┏━━

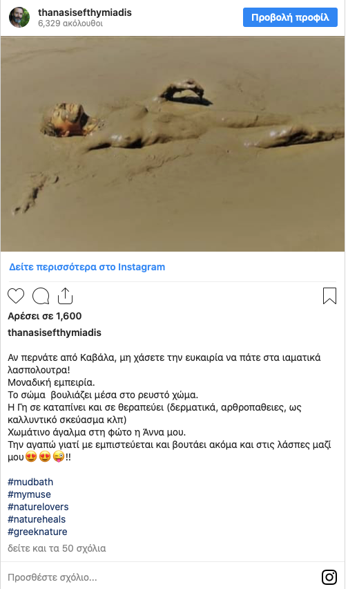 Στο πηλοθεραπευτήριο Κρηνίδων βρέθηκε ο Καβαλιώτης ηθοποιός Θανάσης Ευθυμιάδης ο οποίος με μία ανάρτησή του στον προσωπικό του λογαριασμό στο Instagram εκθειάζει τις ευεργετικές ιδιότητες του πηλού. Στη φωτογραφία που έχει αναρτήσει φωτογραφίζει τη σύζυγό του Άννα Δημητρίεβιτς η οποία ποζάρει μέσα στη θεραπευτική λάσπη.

┗━━
┏━━

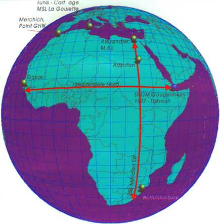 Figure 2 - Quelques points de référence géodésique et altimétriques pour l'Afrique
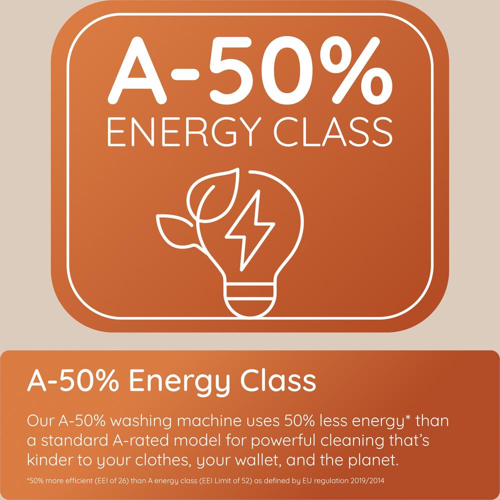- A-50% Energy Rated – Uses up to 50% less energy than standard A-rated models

┗━━

**Instructions to follow:**
Going back to the data above, write out everything from the line with "Figure 2 - Quelques" down to the line with "- A-50% Energy", both included, leaving every picture out.

**Output for this exercise:**
 Figure 2 - Quelques points de référence géodésique et altimétriques pour l'Afrique
- A-50% Energy Rated – Uses up to 50% less energy than standard A-rated models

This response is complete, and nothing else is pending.